In recollection, the background is filled by the intent to recall; and this intent may, again, be constituted by contextual mental processes or carried by a nervous set. The course of recollection may then be characterised as a reconstruction along the lines of least resistance. Some bit of imagery, some form of words comes up, and is at once met, so to say, by the feeling of familiarity. Further ideas present themselves, in more or less disorderly fashion, and the feeling plays upon them, accepting here and rejecting there, serving throughout the experience as a court of final appeal. Some of the ideas are directly recognised; some seem to force our acceptance by their vividness; some pass muster because familiar verbal ideas, names or phrases, are connected with them. Some, that leave us in doubt as they arise, are shelved for the time, to be judged later on, when the positive acceptances are done with; and they are likely to be judged in the light of these acceptances, and of our general knowledge of the situation which we are trying to recall; even a weak recognitive feeling is enough to give them status. In and out among these ideas run threads of kinæsthesis, which imitate or repeat fragments of the original experience. There is thus a veritable tangle of processes; the situation is not reproduced in image, and its items read off in logical order; it is rather reconstructed; and the reconstruction follows, as has been said, the lines of least resistance at the moment. Yet we are so accustomed to the logical order of speech that our narrative, as recollection proceeds, may give but little hint of the tangled interplay of ideas; at most we may correct ourselves at points, or remark that just now we left something out. Observe the flow of mind itself, and the disorder is apparent.

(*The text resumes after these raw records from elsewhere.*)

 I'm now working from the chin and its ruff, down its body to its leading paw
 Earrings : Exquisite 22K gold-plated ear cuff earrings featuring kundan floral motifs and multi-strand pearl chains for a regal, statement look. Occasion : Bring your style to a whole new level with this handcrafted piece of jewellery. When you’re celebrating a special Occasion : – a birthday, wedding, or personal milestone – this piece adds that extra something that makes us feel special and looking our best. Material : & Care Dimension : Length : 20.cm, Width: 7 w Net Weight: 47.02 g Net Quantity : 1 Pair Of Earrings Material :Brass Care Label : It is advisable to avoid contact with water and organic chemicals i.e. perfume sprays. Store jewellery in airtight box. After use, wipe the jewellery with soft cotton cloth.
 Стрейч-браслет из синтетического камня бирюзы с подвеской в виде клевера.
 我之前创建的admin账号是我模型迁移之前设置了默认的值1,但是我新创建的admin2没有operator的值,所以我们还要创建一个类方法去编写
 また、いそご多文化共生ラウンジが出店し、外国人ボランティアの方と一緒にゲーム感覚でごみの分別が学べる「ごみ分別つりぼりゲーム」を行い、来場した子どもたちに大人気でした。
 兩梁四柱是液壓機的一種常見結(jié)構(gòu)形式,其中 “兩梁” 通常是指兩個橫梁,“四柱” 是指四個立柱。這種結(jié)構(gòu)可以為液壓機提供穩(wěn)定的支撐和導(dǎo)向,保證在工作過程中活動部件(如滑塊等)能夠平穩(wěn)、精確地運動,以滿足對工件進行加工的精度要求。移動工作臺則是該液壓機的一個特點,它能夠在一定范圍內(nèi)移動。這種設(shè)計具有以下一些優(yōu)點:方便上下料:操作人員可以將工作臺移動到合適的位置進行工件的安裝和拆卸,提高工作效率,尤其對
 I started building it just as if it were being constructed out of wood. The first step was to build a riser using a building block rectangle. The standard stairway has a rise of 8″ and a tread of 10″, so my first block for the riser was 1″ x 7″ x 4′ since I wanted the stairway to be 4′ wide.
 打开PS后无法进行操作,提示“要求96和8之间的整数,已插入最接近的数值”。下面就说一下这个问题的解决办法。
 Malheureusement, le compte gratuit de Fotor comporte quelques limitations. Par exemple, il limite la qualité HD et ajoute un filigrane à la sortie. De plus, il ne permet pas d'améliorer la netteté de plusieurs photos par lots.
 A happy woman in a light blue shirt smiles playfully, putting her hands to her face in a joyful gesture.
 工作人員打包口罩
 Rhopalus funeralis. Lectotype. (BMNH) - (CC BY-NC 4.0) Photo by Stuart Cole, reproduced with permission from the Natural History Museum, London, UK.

We may say, then, that the pattern of memory is a discursive movement within fixed boundaries; the boundaries are given by the set or background, as we have named it, by the fact (in other words) that we are recalling a particular situation or event; and the discursiveness reveals itself in roaming of attention and shift of ideas, which imply a variable activity of the associative tendencies. The characteristic processes are the feeling of familiarity and the imitative kinæsthesis.

[§ 43] Mnemonics.—Rules for remembering, tricks of memorising, were considered of great importance in the ancient world; oratory was highly esteemed; and no orator before the time of Augustus would have ventured to use notes. As the art declined, these rules were less and less regarded; we hear practically nothing of them between the first and the thirteenth centuries of the present era. From that date, however, interest in artificial memory-systems has never died out; they have been recommended for sermons, for lectures, for disputations, for public speeches, for the learning of foreign languages, for examinations, for practically every occasion in which memory is employed, as well as for the improvement of memory itself.